Repeat exactly the lines of the entries below from the one with "Patruzeci de afișe" through the one with "Vous avez beaucoup", both ends included, and nothing else.

**Given entries**.
—————

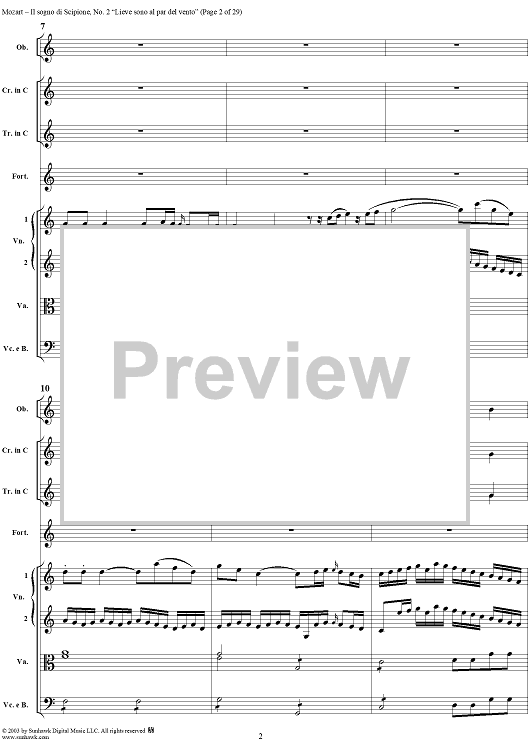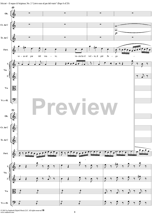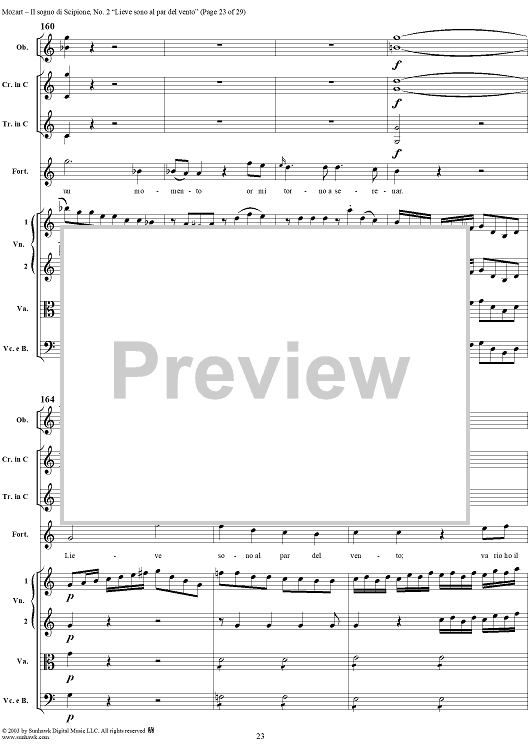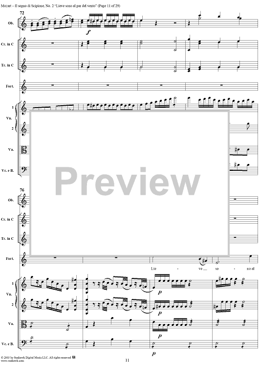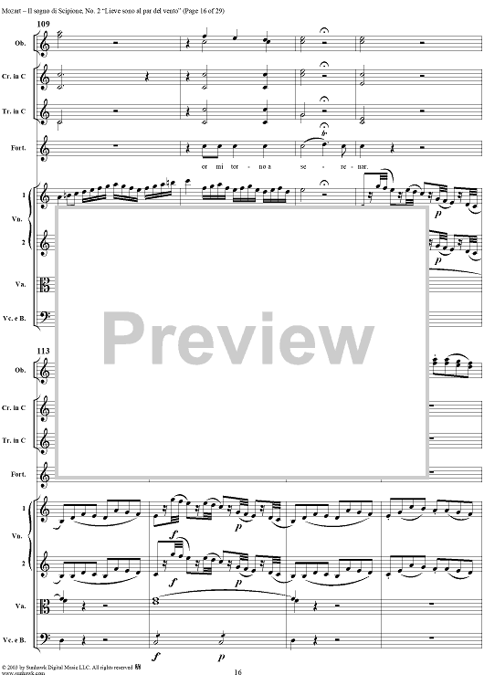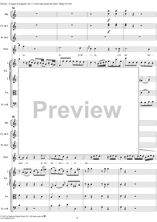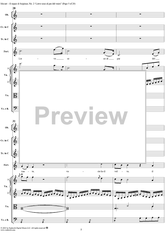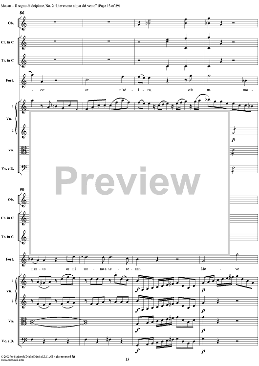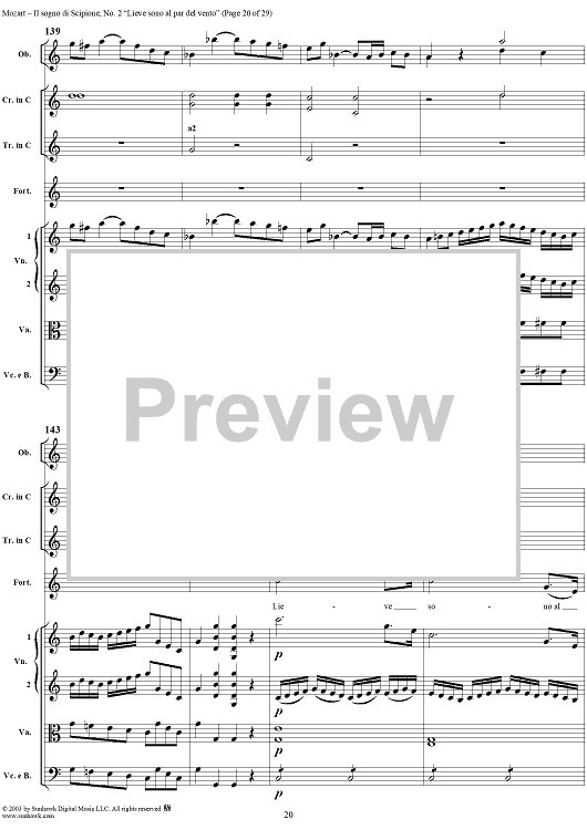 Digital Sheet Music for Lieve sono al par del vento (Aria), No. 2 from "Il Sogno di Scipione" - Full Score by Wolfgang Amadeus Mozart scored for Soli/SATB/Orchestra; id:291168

—————

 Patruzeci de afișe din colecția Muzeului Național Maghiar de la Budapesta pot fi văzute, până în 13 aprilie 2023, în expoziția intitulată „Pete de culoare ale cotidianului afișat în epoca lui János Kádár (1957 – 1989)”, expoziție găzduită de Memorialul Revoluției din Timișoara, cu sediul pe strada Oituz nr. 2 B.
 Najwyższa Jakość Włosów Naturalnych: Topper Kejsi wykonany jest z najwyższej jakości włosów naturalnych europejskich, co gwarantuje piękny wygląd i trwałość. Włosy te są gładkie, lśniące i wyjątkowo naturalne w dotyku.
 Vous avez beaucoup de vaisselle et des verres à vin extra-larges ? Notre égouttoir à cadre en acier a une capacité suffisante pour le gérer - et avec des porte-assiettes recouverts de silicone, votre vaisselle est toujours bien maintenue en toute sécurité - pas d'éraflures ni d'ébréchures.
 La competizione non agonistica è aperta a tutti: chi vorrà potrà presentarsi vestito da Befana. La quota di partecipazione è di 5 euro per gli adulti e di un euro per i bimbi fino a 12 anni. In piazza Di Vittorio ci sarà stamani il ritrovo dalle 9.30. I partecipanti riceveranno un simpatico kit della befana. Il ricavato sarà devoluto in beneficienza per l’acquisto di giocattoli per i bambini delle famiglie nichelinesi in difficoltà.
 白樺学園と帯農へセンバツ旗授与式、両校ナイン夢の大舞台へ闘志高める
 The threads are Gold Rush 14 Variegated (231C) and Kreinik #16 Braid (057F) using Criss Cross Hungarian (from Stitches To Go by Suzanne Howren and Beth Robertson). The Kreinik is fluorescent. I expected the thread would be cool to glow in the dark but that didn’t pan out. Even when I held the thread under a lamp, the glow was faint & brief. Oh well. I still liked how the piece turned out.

—————

**Worked solution**.
 Patruzeci de afișe din colecția Muzeului Național Maghiar de la Budapesta pot fi văzute, până în 13 aprilie 2023, în expoziția intitulată „Pete de culoare ale cotidianului afișat în epoca lui János Kádár (1957 – 1989)”, expoziție găzduită de Memorialul Revoluției din Timișoara, cu sediul pe strada Oituz nr. 2 B.
 Najwyższa Jakość Włosów Naturalnych: Topper Kejsi wykonany jest z najwyższej jakości włosów naturalnych europejskich, co gwarantuje piękny wygląd i trwałość. Włosy te są gładkie, lśniące i wyjątkowo naturalne w dotyku.
 Vous avez beaucoup de vaisselle et des verres à vin extra-larges ? Notre égouttoir à cadre en acier a une capacité suffisante pour le gérer - et avec des porte-assiettes recouverts de silicone, votre vaisselle est toujours bien maintenue en toute sécurité - pas d'éraflures ni d'ébréchures.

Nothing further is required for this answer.